Ian MacDonald Campbell, CVO (13 July 1922 - 1 April 1994) was a British civil engineer. He was chief executive of the British Railways Board (1978–1980) and chairman of the Scottish Board of British Railways (1983–1988).

==Early life, family and education==
Ian MacDonald Campbell was born on 13 July 1922, the son of John Isdale Campbell. He attended University College London, graduating with a Bachelor of Science degree in engineering in 1942.

== Career ==

=== Railways ===
After graduating, Campbell was employed by the London, Midland and Scottish Railway, and then served in the Royal Air Force during the Second World War. On demobilisation, in 1947 Campbell began working for British Railways; he was employed in engineering design and construction. In 1952, he spent a year in the United States studying management technology. He co-wrote an account of his experience in the US which was published in the Institution of Civil Engineers's proceedings in 1954. After returning to the United Kingdom in 1953, he was appointed assistant district engineer, Sheffield; he was later promoted to be district engineer at Kings Cross, and then in 1963 assistant civil engineer for the Scottish Region.

In 1965, Campbell was appointed chief civil engineer for the Scottish Region of British Railways. He was appointed assistant general manager of the London Midland Region in 1968 and general manager of the Eastern Region in 1970, serving until 1973 when he became an executive director of British Rail. In 1977, he became a member of the British Railways Board (BRB) with responsibility for engineering and research, and was appointed chief executive in June 1978, taking over from David Bowick. He was replaced as CEO by Bob Reid in March 1980. Thereafter, he was vice-chairman of the board from March 1980 until January 1983. He then served as chairman of the Scottish Board from 1983 to 1988, and left the BRB in 1987.

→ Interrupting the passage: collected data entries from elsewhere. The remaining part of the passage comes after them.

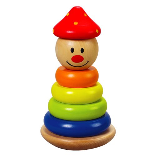 Friendly clown with hat and stacking rings on a natural wood swivel base.3.5" x 3.5" x 6.4". Ages 1 year and up.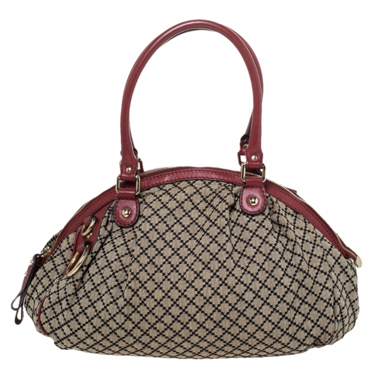 Pre Owned حقيبة غوتشي سوكي كانفاس أحمر/ بيج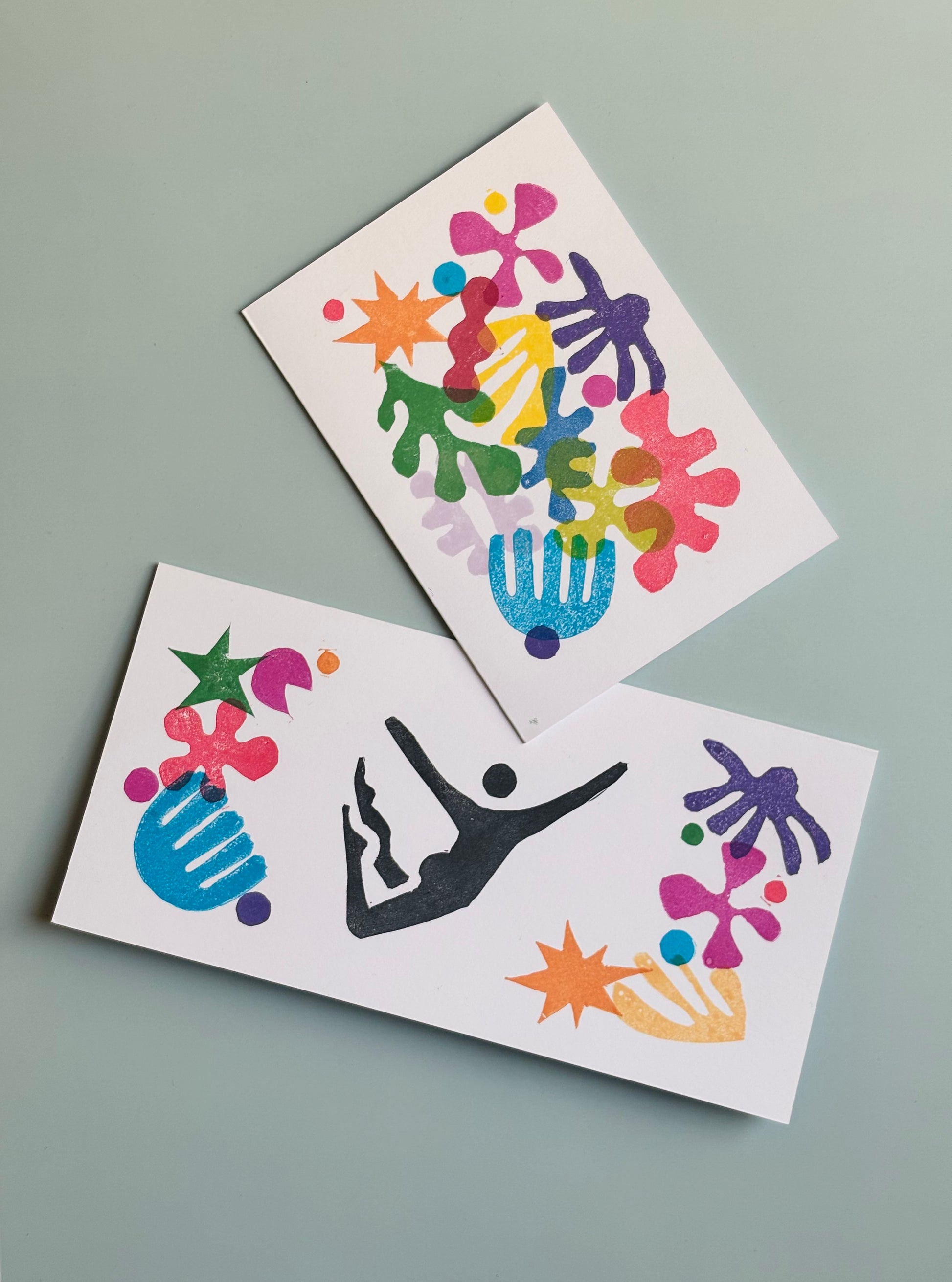 Handmade Linocut Card Pair – Artistic Greeting Bundle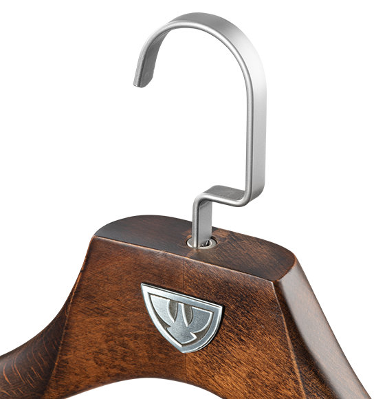Luxusní ramínko z masívu. Vynikající řemeslné zpracování. Dlouhá životnost. Vhodné na těžké oblečení. Obzvláště doporučujeme na kombinézy s implementovaným airbagovým systémem.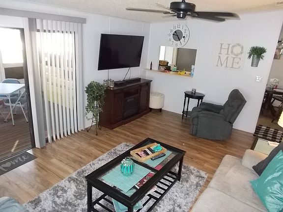 This 2 bedroom 2 bath home has been totally remodeled. New laminate floors throughout, new appliances, and freshly painted interior. Come check this gem out. Outside the home has been pressure washed, new Air Conditioning 2021, lanai off the living room gives you lots space for entertaining, 2nd bedroom has easy access to 2nd bath complete with tub/shower combo, larger master with walk in closet and en-suite bath with walk in shower. Side by side carport parking and large shed for more storage. Inside laundry with washer/dryer. Come see this home and make the home you home away from home. Home has double pane windows throughout. All new screening in lanai.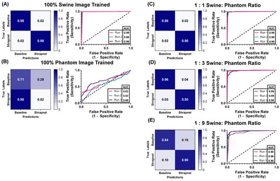 Swine-Phantom Hybrid Training Results with MobileNetv2 for Shrapnel Image Classification. Confusion matrices and ROC analyses for swine image prediction after training with image sets augmented with (A) 1:0, (B) 0:1, (C) 1:1, (D) 1:3, or (E) 1:9 swine: phantom ratios. The diagonal black dashed line in the ROC plots represents the result for random chance (AUC = 0.50) for reference.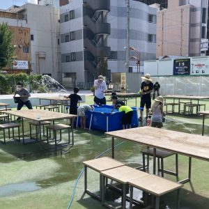 まえばし「勝手に」水合戦が小規模で開催された。私は受付のお手伝い。レクリエーション保険料200円をいただいてあとは大人も子供もずぶ濡れになってはしゃぐだけ。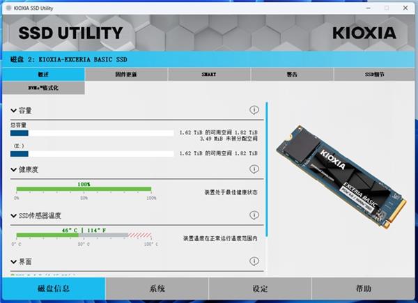 通过铠侠官方推出的固态硬盘管理软件SSD Utility可以看到这块铠侠SF10的主要信息和状态,比如总容量、可用空间、健康度和温度。各位使用铠侠固态的小伙伴可以下载这个软件来管理你的硬盘,监控数据比第三方精准很多,还支持一键更新固件,非常方便。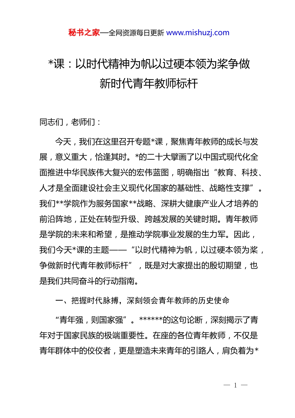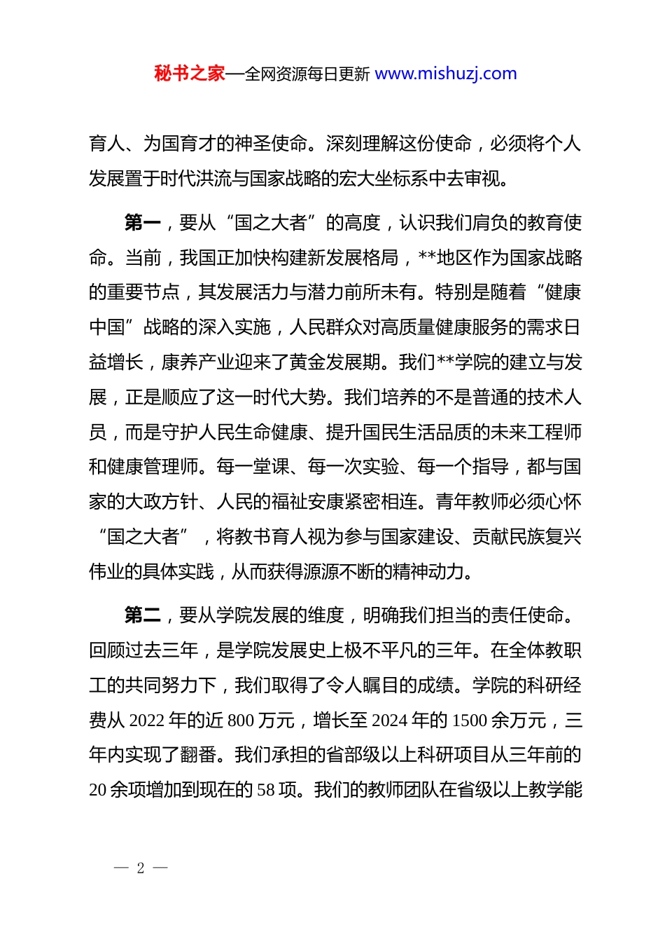 秘书之家—全网资源每日更新 www.mishuzj.com*课:以时代精神为帆以过硬本领为桨争做新时代青年教师标杆同志们,老师们:今天,我们在这里召开专题*课,聚焦青年教师的成长与发展,意义重大,恰逢其时。*的二十大擘画了以中国式现代化全面推进中华民族伟大复兴的宏伟蓝图,明确指出“教育、科技、人才是全面建设社会主义现代化国家的基础性、战略性支撑”。我们**学院作为服务国家**战略、深耕大健康产业人才培养的前沿阵地,正处在转型升级、跨越发展的关键时期。青年教师是学院的未来和希望,是推动学院事业发展的生力军。因此,我们今天*课的主题——“以时代精神为帆,以过硬本领为桨,争做新时代青年教师标杆”,既是对大家提出的殷切期望,也是我们共同奋斗的行动指南。一、把握时代脉搏,深刻领会青年教师的历史使命“青年强,则国家强”。******的这句论断,深刻揭示了青年对于国家民族的极端重要性。在座的各位青年教师,不仅是青年群体中的佼佼者,更是塑造未来青年的引路人,肩负着为*— 1 —秘书之家—全网资源每日更新 www.mishuzj.com育人、为国育才的神圣使命。深刻理解这份使命,必须将个人发展置于时代洪流与国家战略的宏大坐标系中去审视。第一,要从“国之大者”的高度,认识我们肩负的教育使命。当前,我国正加快构建新发展格局,**地区作为国家战略的重要节点,其发展活力与潜力前所未有。特别是随着“健康中国”战略的深入实施,人民群众对高质量健康服务的需求日益增长,康养产业迎来了黄金发展期。我们**学院的建立与发展,正是顺应了这一时代大势。我们培养的不是普通的技术人员,而是守护人民生命健康、提升国民生活品质的未来工程师和健康管理师。每一堂课、每一次实验、每一个指导,都与国家的大政方针、人民的福祉安康紧密相连。青年教师必须心怀“国之大者”,将教书育人视为参与国家建设、贡献民族复兴伟业的具体实践,从而获得源源不断的精神动力。第二,要从学院发展的维度,明确我们担当的责任使命。回顾过去三年,是学院发展史上极不平凡的三年。在全体教职工的共同努力下,我们取得了令人瞩目的成绩。学院的科研经费从 2022 年的近 800 万元,增长至 2024 年的 1500 余万元,三年内实现了翻番。我们承担的省部级以上科研项目从三年前的20 余项增加到现在的 58 项。我们的教师团队在省级以上教学能— 2 —秘书之家—全网资源每日更新 www.mishuzj.com力大赛中斩获一等奖 3 项、二等奖 8 项,发表高水平学术论文200 余篇,授权专利超过 50 项。我们的学生在各类国家级、省级技能大赛和创新创业竞赛中,累计获得奖项超过 150 项,其中国家级奖项达到 35 项,考研升学率连续三年攀升,2025 届毕业生中已有近 15%的同学成功“上岸”。这些数据背后,凝结着每一位教师的心血与汗水,也清晰地标示出学院发展的强劲势头。然而,我们也要清醒地看到,与国内顶尖的同类院校相比,我们在高层次领军人才储备、国家级重大科研项目攻关、产教融合深度等方面依然存在差距。弥补这些短板,实现从“量的积累”到“质的飞跃”,关键就在于我们能否打造一支政治素质过硬、业务能力精湛、育人水平高超的教师队伍,而青年教师正是这支队伍中最具活力、最有潜力的组成部分。学院的未来发展,需要你们勇挑重担,在教学、科研、社会服务等各个战场上冲锋陷阵。第三,要从个人成长的角度,坚定我们奋斗的理想信念。教师是太阳底下最光辉的职业,选择成为一名教师,就是选择了一份沉甸甸的责任。******对广大青年寄予厚望,希望大家“怀抱梦想又脚踏实地,敢想敢为又善作善成,立志做有理想、敢担当、能吃苦、肯奋斗的新时代好青年”。对于青年教师而— 3 —秘书之家—全网资源每日更新 www.mishuzj.com言,这份担当和奋斗,具体体现在对教育事业的无限忠诚和对专业领域的不懈探索。我们学院的青年教师,要坚定不移听*话、跟*走,自觉向*组织靠拢,将个人的职业规划与学院的发展蓝图、国家的战略需求紧密结合起来。要把实现个人价值的过程,融入到培养堪当民族复兴大任的时代新人的伟大事业中去。当你看到自己教导的学生成为行业的栋...

=== Other appointments and honours ===
In addition to his career with British Rail, Campbell was a member of the European Economic Community's Economic and Social Committee between 1983 and 1990. He was also a member of the British Army's Territorial & Army Volunteer Reserve's Engineer and Railway Staff Corps, an unpaid, volunteer unit that provides technical expertise to the armed forces. With the serial number 485885, he was initially a major; his promotion to lieutenant colonel was gazetted on 3 May 1970, to colonel on 1 August 1974. and to be Colonel Commanding the Engineer and Railway Staff Corps on 21 July 1981. His supernumeracy to establishment was dated 30 April 1986 and Col. Christopher Terrel Wyatt took command of the corps.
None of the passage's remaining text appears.